The Board held that the Department properly denied Chrysler’s refund claims. The Board stated that KRS 134.580, a general refund statute, only allows refunds to taxpayers for “overpayment of tax and any payment where no tax was due,” and held that Chrysler was not the taxpayer nor did it assert that taxes were not due or overpaid.

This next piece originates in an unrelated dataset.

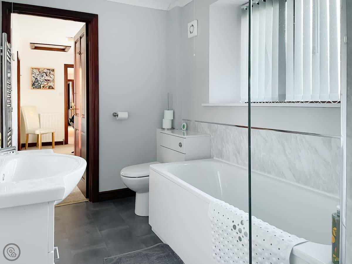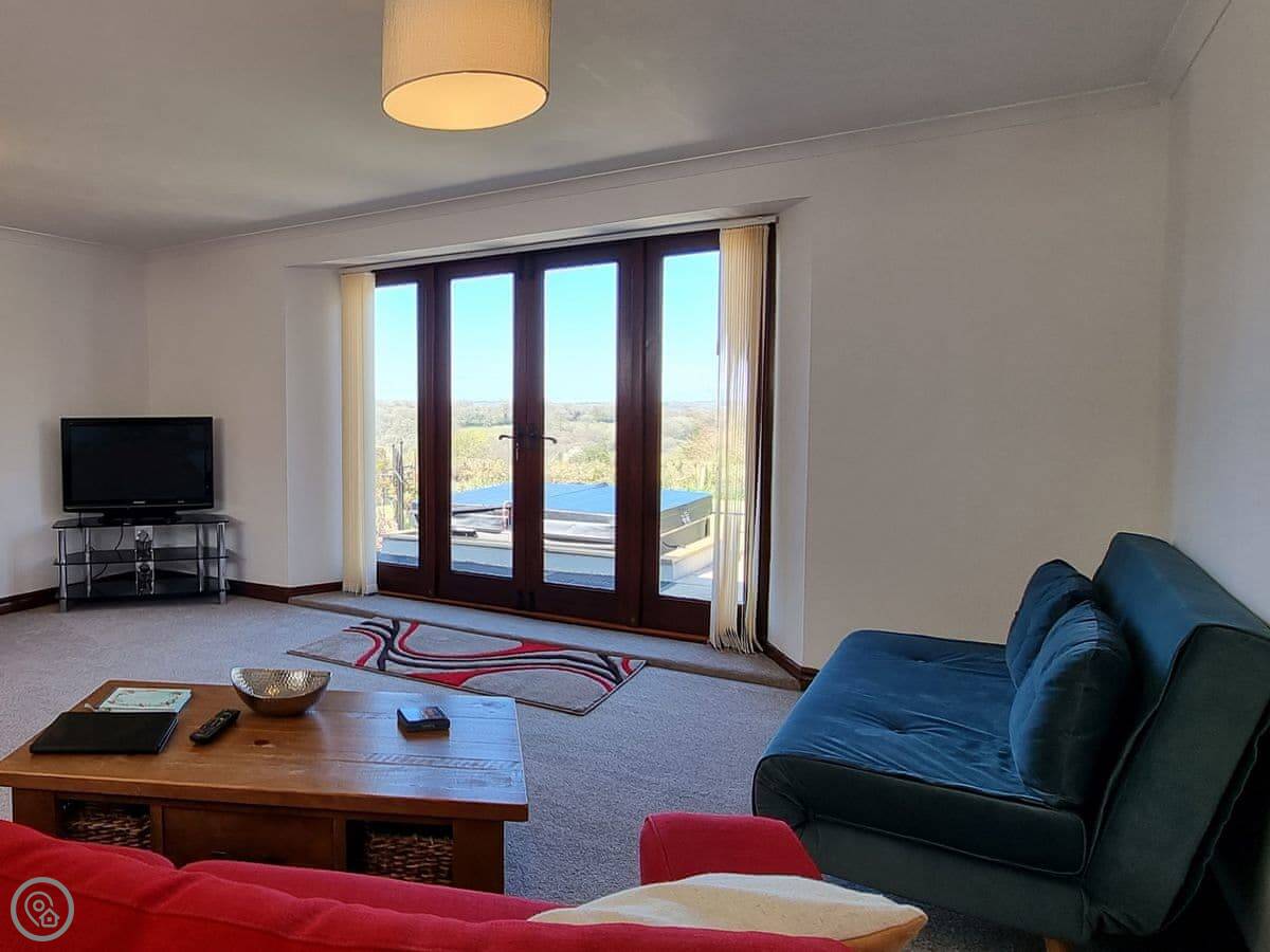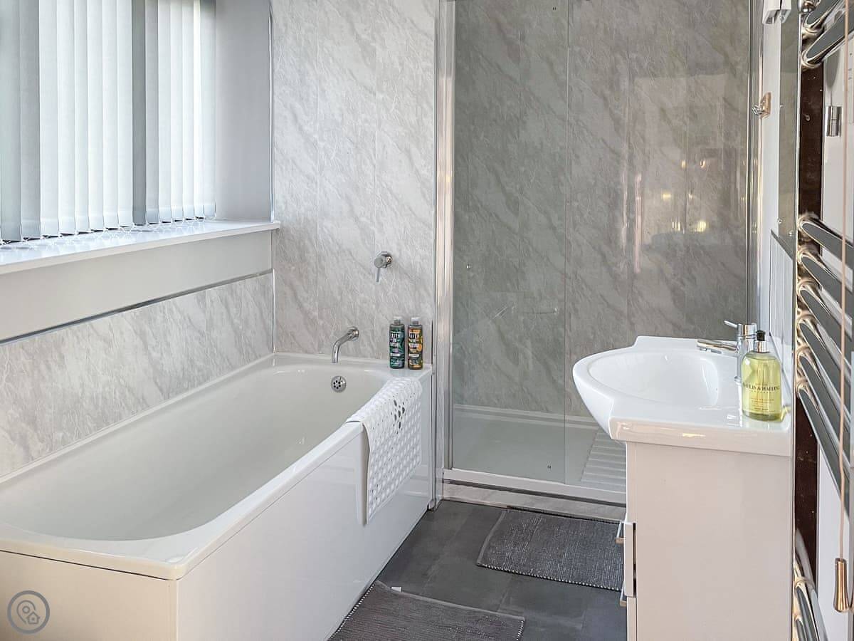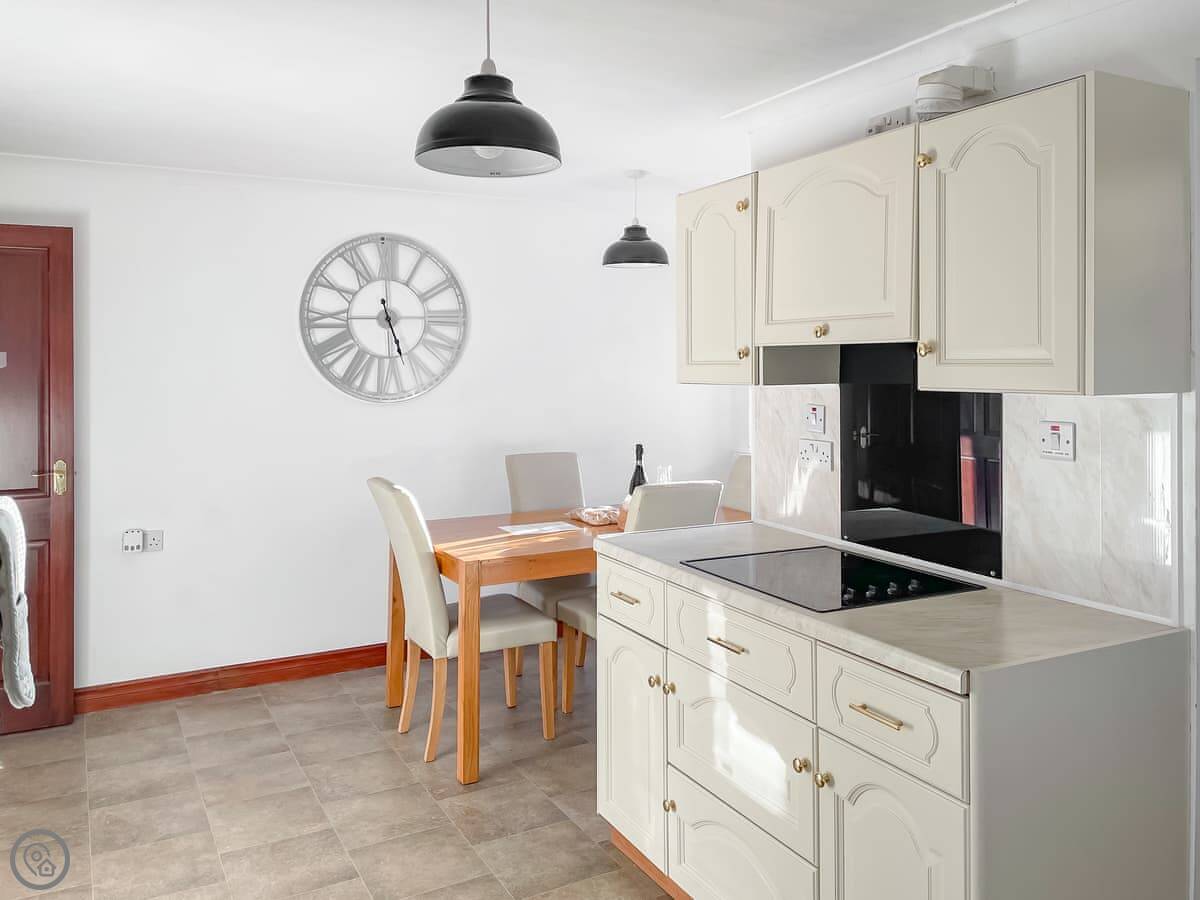 It sleeps four. Two bedrooms, one bathroom. It's got a 4 Star rating. We refurbished it in 2024 so it's all fresh. There's underfloor heating and a woodburner-style electric fire in the living room.

KRS 138.460(10) provides that, “where a manufacturer refunds the retail purchase price or replaces a new motor vehicle for the purchaser within ninety (90) days because of malfunction or defect, the purchaser shall be entitled to a refund of the amount of motor vehicle usage tax received by the department as a result of the first titling or registration….” KRS 138.460(11) provides that “when a dealer or manufacturer refunds the retail purchase price or replaces a motor vehicle for the purchaser as a result of formal arbitration or litigation, or in the case of a manufacturer, because ordered to do so by a dispute resolution system…the purchaser shall be entitled to a refund of the amount of motor vehicle usage tax received by the department as a result of the titling or registration.”
The Board held that: (1) Chrysler entered into refund agreements with purchasers after ninety (90) days from the original sale; (2) such agreements were not “ordered” or a result of formal arbitration or litigation; and (3) Chrysler did not refund the full purchase price (e.g., no deduction for purchaser’s use). The Board also rejected Chrysler’s argument that it should be considered the “purchaser” within the meaning of KRS 138.460 because it “repurchased” the vehicle when it was returned.
With regard to the U-Drive It tax, the Board held that KRS 134.580 allows for an appeal of assessed tax against the agency administering the tax. Since the U-Drive It tax is paid to the Department of Transportation, the Board held that the Department lacked authority to refund it in the event that a refund would be due.